Ils sont diplômés, qualifiés et prêts à servir leur pays. Pourtant, en Guinée, des centaines de personnes en situation de handicap continuent de faire face à un mur presque infranchissable : l’accès à l’emploi. Ce jeudi, le Collectif des Personnes Handicapées Diplômées Sans Emploi en Guinée est monté au créneau à travers une conférence de presse, pour dénoncer ce qu’il qualifie d’exclusion systémique et interpeller les autorités.

Placée sous le thème « Handicapés diplômés, oubliés, nous voulons servir notre nation. Donnez-nous de l’emploi ! », La rencontre a donné lieu à des témoignages empreints à la fois de dignité, de frustration et d’espoir.

« Cette conférence de presse est consacrée à une question cruciale pour notre société : l’insertion professionnelle des personnes handicapées diplômées », a déclaré le collectif en ouverture.

Pourtant, le cadre juridique existe. La Guinée a ratifié plusieurs instruments internationaux et nationaux protégeant les droits des personnes en situation de handicap, notamment la Convention 159 de l’OIT, la Convention relative aux droits des personnes handicapées (CIDPH), la Constitution de 2025, ainsi que la loi de septembre 2025 sur la promotion et la protection des droits des personnes handicapées.

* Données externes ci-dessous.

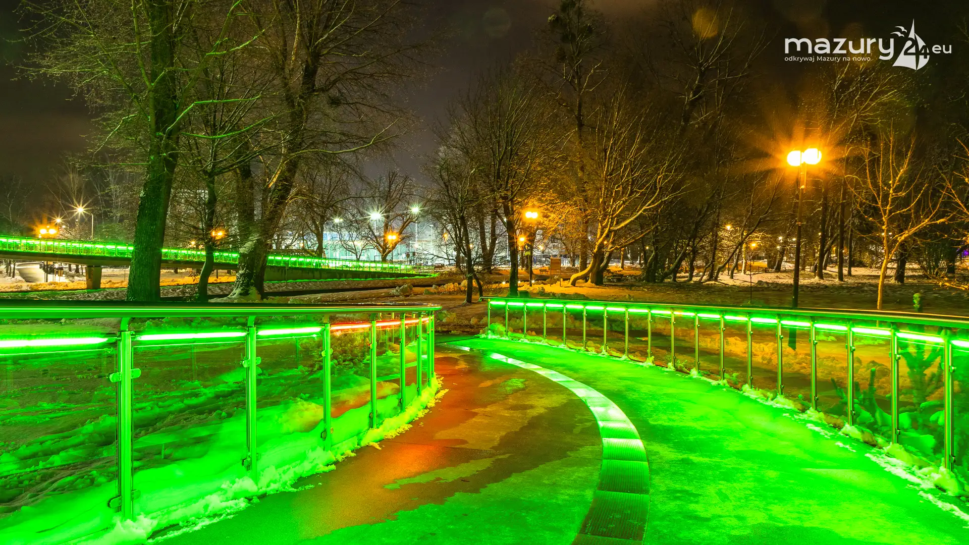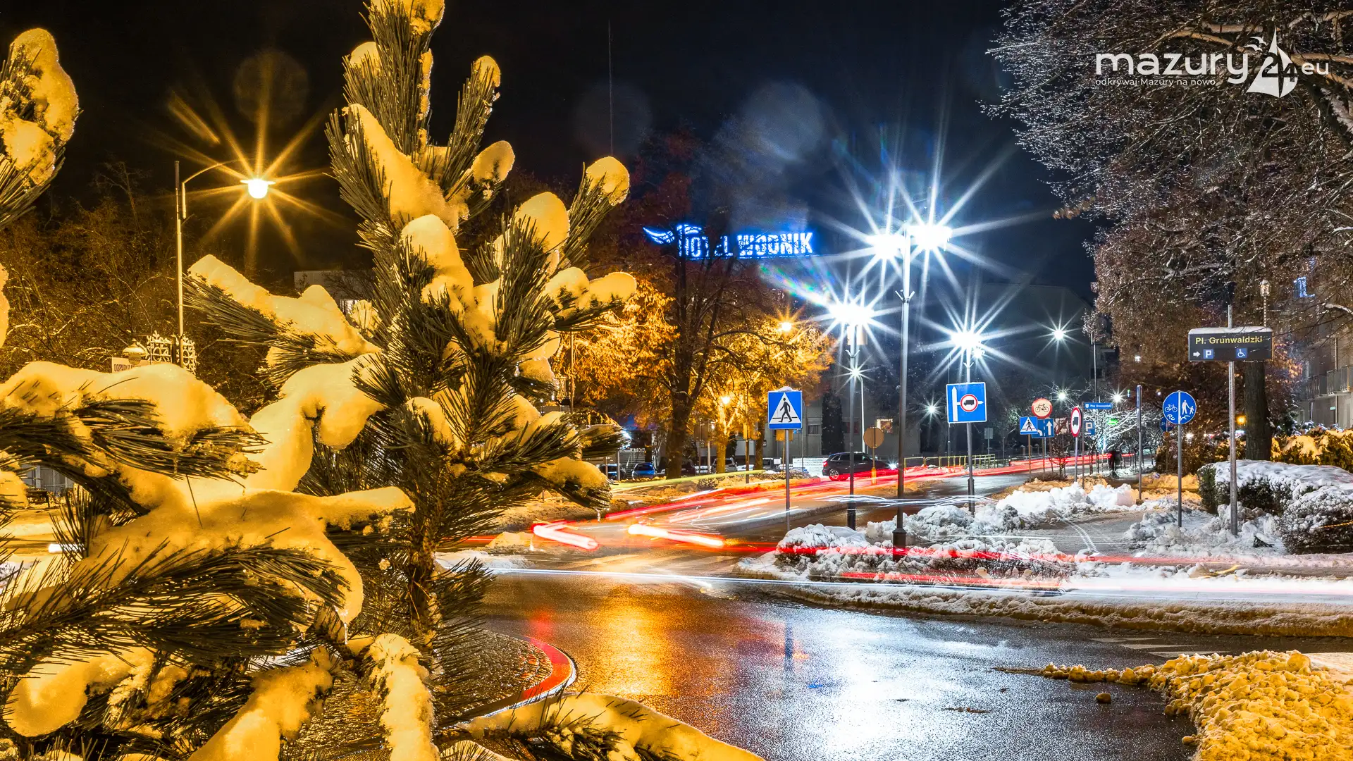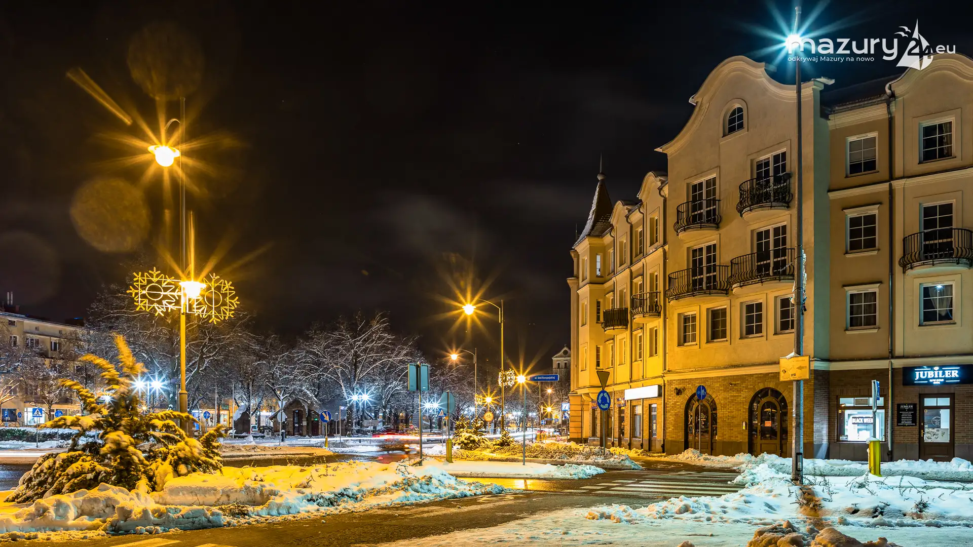 Kilka dni temu, Mazury w ciągu jednej nocy przeszły z trybu jesiennego na zimowy. Mimo pięknej wszechobecnej bieli nie możemy doczekać się słońca. Stąd pomysł na poszukanie kolorów nocą. Zapraszamy na krótki, wieczorny spacer po Giżycku...

Mais sur le terrain, ces textes peinent à se traduire en actes concrets.

« Dans les hôpitaux, dans la circulation ou dans les files d’attente, la priorité est accordée aux personnes handicapées. Mais lorsqu’il s’agit de l’emploi, elles sont reléguées au second plan. Pourquoi cette différenciation ? », S’interroge le collectif.

L’annonce du recrutement à la fonction publique en 2024 avait pourtant ravivé l’espoir, notamment pour les diplômés ayant déposé leurs dossiers auprès de la FEGUIPAH. Mais contre toute attente, le ministère concerné a exigé que les candidats handicapés concourent dans les mêmes conditions que les autres, mettant de côté le recrutement par dérogation, un mécanisme jusque-là reconnu pour ce groupe vulnérable.

Conséquence : des centaines de diplômés ont été écartés, sans même être évalués.

Le 18 décembre 2024, à l’occasion de la Journée internationale des personnes handicapées, une promesse officielle avait pourtant été faite : leur intégration dans la fonction publique dès le premier trimestre 2025. Depuis, selon le collectif, onze démarches auprès de la FEGUIPAH sont restées sans suite concrète.

« Nous demandons des droits, pas la charité »

Dans un ton grave, le collectif interpelle directement les autorités :

« En dehors de l’emploi, quelle est la différence entre une personne en situation de handicap et un mendiant ? »

Un cri du cœur qui résume leur combat : l’accès à l’emploi par dérogation dans la fonction publique, non comme une faveur, mais comme un droit fondamental.

Le message est clair. La balle est désormais dans le camp de l’État, appelé à joindre l’acte à la parole pour une inclusion réelle et effective des personnes handicapées diplômées dans la vie professionnelle nationale.